- **What you will do**: From the first line of the data below through the line holding "Na het leggen", output each line exactly and leave the pictures out.

- **Collected material**:
• • • • •

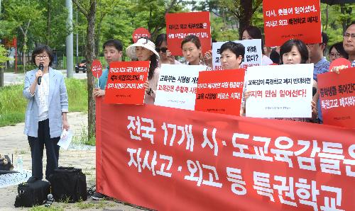 '전국 시·도교육감협의회'가 열린 지난 7월19일 서울 서초구 더케이호텔 앞에서 '사교육걱정없는세상'의 윤지희 공동대표가 '자사고·외고 등의 일반고 일괄 전환' 결의를 촉구하는 발언을 하고 있다. 사진/뉴시스
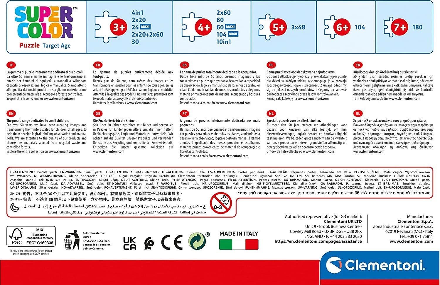 Na het leggen kun je de afbeeldingen weer uit elkaar halen en opnieuw leggen, of ze op karton monteren voor een originele decoratie in de kinderkamer. Het merk Clementoni behoort tot de toonaangevende puzzelfabrikanten ter wereld en staat bekend om de nauwkeurige passing van de stukjes en de hoge materiaal kwaliteit.
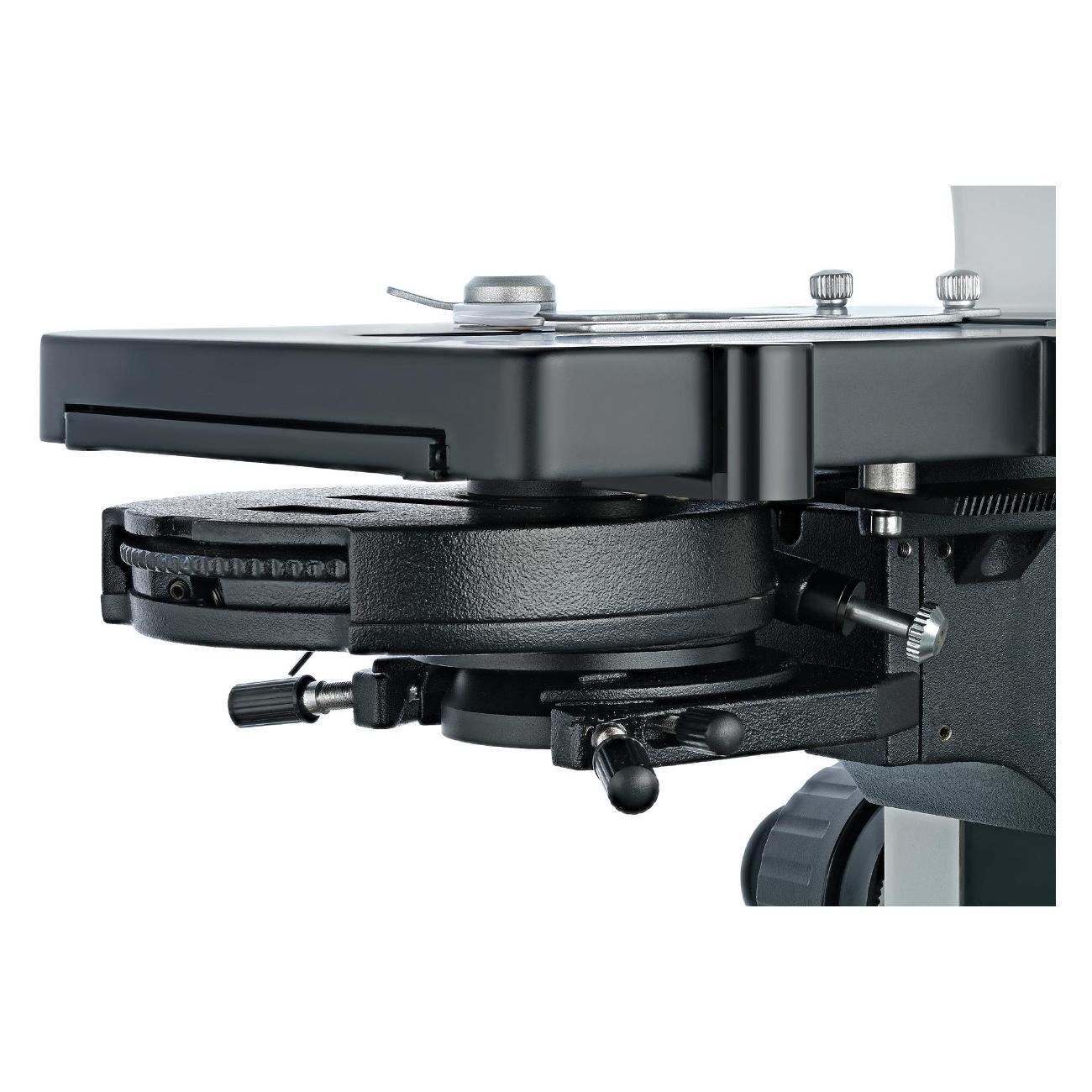 Предметный столик снабжен препаратоводителем, который делает работу с образцами более удобной. Рядом находятся ручки грубой и точной фокусировки. Под столиком расположены фазовый конденсор, держатель фильтра и яркая светодиодная подсветка, работающая от сети переменного тока. Яркость подсветки можно регулировать.

• • • • •

- **Task result**:
 '전국 시·도교육감협의회'가 열린 지난 7월19일 서울 서초구 더케이호텔 앞에서 '사교육걱정없는세상'의 윤지희 공동대표가 '자사고·외고 등의 일반고 일괄 전환' 결의를 촉구하는 발언을 하고 있다. 사진/뉴시스
 Na het leggen kun je de afbeeldingen weer uit elkaar halen en opnieuw leggen, of ze op karton monteren voor een originele decoratie in de kinderkamer. Het merk Clementoni behoort tot de toonaangevende puzzelfabrikanten ter wereld en staat bekend om de nauwkeurige passing van de stukjes en de hoge materiaal kwaliteit.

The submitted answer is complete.